Die alternativen Kühler wie der ACX III und MK26 von Prolimatech sorgen zwar für deutlich niedrigere Temperaturen bei einer geringeren Geräuschkulisse als der XFX Kühler es schaft, haben allerdings auch das Problem das die Wandler mindestens so warm werden wie bei der Version von XFX wenn nicht mehr  (ca. 105°C+).

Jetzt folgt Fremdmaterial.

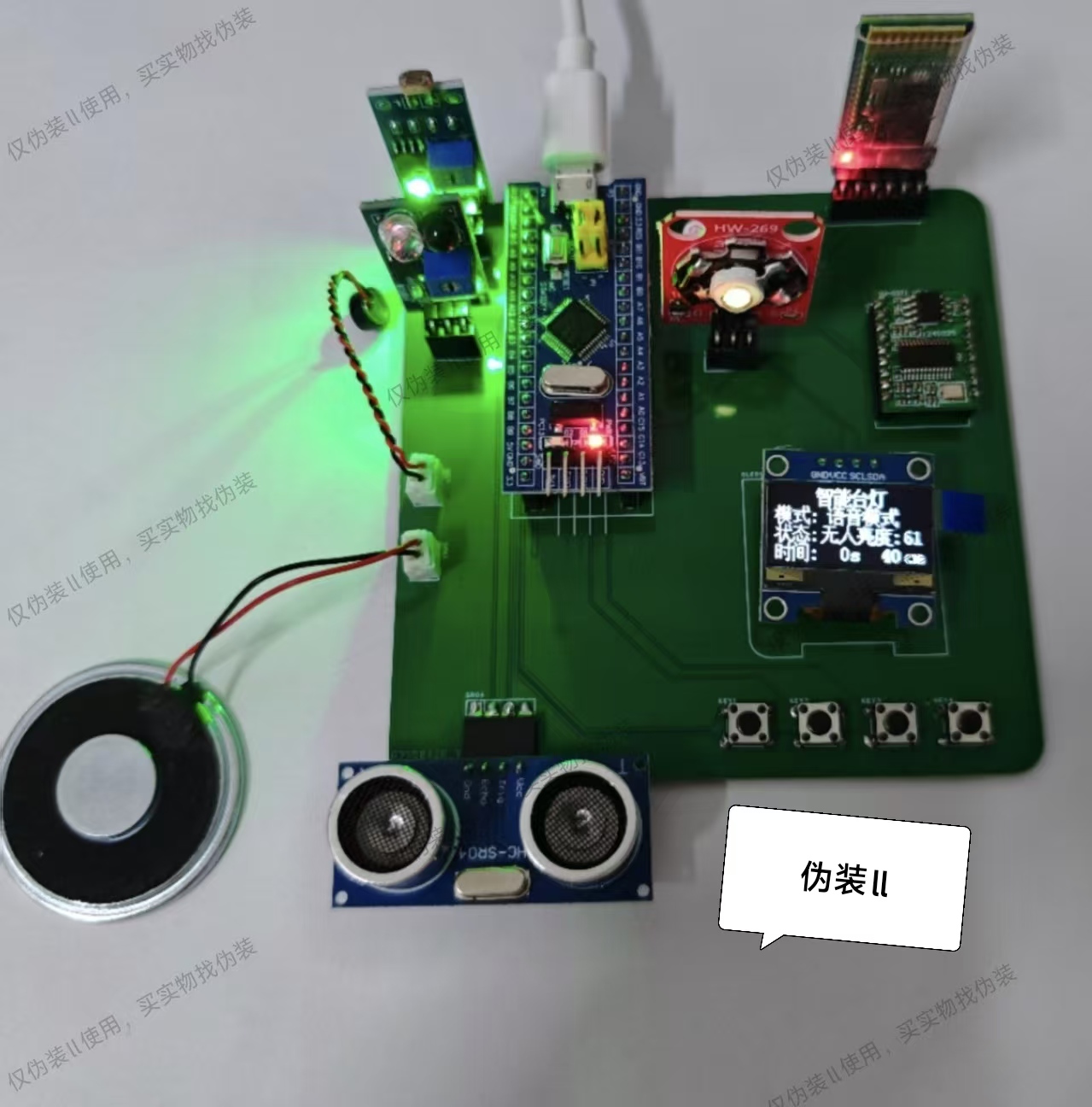 (1)本项目是智能语音台灯,主控芯片采用STM32F103C8T6,集成了亮度感应模块、红外感应模块、蓝牙模块、语音识别模块、超声波距离感应模块,可以通过当前环境下有无人和光照强度自动调节灯光亮度,并有按键模式、蓝牙遥控模式和语音识别模式

Klar ist das noch im Rahmen trotzdem halte ich persönlich wenig von so hohen Temperaturen, die Wandler altern dadurch schneller auch wenn sie für solche Temperaturen freigegeben sind.


----------



## Rizoma (12. November 2013)

Dissi schrieb:


> Wenn dann würde ich direkt auf eine richtige Wasserkühling mit externer Pumpe, Radiator und Sandwichkühler gehen, andernfalls hast du oft mehr Probleme als Vorteile.
> Die alternativen Kühler wie der ACX III und MK26 von Prolimatech sorgen zwar für deutlich niedrigere Temperaturen bei einer geringeren Geräuschkulisse als der XFX Kühler es schaft, haben allerdings auch das Problem das die Wandler mindestens so warm werden wie bei der Version von XFX wenn nicht mehr  (ca. 105°C+). Klar ist das noch im Rahmen trotzdem halte ich persönlich wenig von so hohen Temperaturen, die Wandler altern dadurch schneller auch wenn sie für solche Temperaturen freigegeben sind.


 

Nö beim ACX hat man keine Probleme da liegen wunderschöne Kühlkörperchen und Wärmeleitkleber bei meine HD7950 ist auf 1150/1500 getaktet und die VRM´s gehen bei 25°C Raumtemp. auf max. 80°


----------



## Sirthegoat (12. November 2013)

Hardware 4 You hat kürzlich auf einer R9 290 einen ACX III mit einem MK-26 verglichen dabei wurden die Wandler, wenn man den Lüfter sich selber regeln lies über 100°C warm, nur wenn man den Lüfter manuell auf mindestens 40% Lüftergeschwindigkeit geregelt hat blieben die Temperaturen im Rahmen, wurden aber mit 91°C deutlich wärmer als bei der Referenz Karte.
Die Kühlleistung der Alternativkühler möchte ich absolut nicht bestreiten, nur sollten sich Hersteller wie Arctic und Prolimatech mal Gedanken machen wie der Rest der Karte anständig kühl gehalten werden kann, eine Möglichkeit hat beispielsweiße Thermalright damals für die 5XXX vorgestellt.


----------



## Mr-Abe-Simpson (12. November 2013)

hotfirefox schrieb:


> Wenn es um diese Karte geht, dann haste (eine) schlechte Karte(n).
> Review and select water blocks | XFX Radeon R9 280X Double Dissipation Edition 3GB GDDR5 (R9-280X-TDFD) | CoolingConfigurator.com



Wie kommst du darauf? HT4U hat die Karte kürzlich getestet und kommt zu einem durchaus guten Ergebnis. Im Idle soll sie flüsterleise sein. Quelle: XFX Radeon R9 280X Black DD OC im Test - Fazit (Seite 42) - HT4U.net

Zur Wakü kann ich leider nichts sagen, sorry.


----------



## Rizoma (12. November 2013)

Dissi schrieb:


> Hardware 4 You hat kürzlich auf einer R9 290 einen ACX III mit einem MK-26 verglichen dabei wurden die Wandler, wenn man den Lüfter sich selber regeln lies über 100°C warm, nur wenn man den Lüfter manuell auf mindestens 40% Lüftergeschwindigkeit geregelt hat blieben die Temperaturen im Rahmen, wurden aber mit 91°C deutlich wärmer als bei der Referenz Karte.
> Die Kühlleistung der Alternativkühler möchte ich absolut nicht bestreiten, nur sollten sich Hersteller wie Arctic und Prolimatech mal Gedanken machen wie der Rest der Karte anständig kühl gehalten werden kann, eine Möglichkeit hat beispielsweiße Thermalright damals für die 5XXX vorgestellt.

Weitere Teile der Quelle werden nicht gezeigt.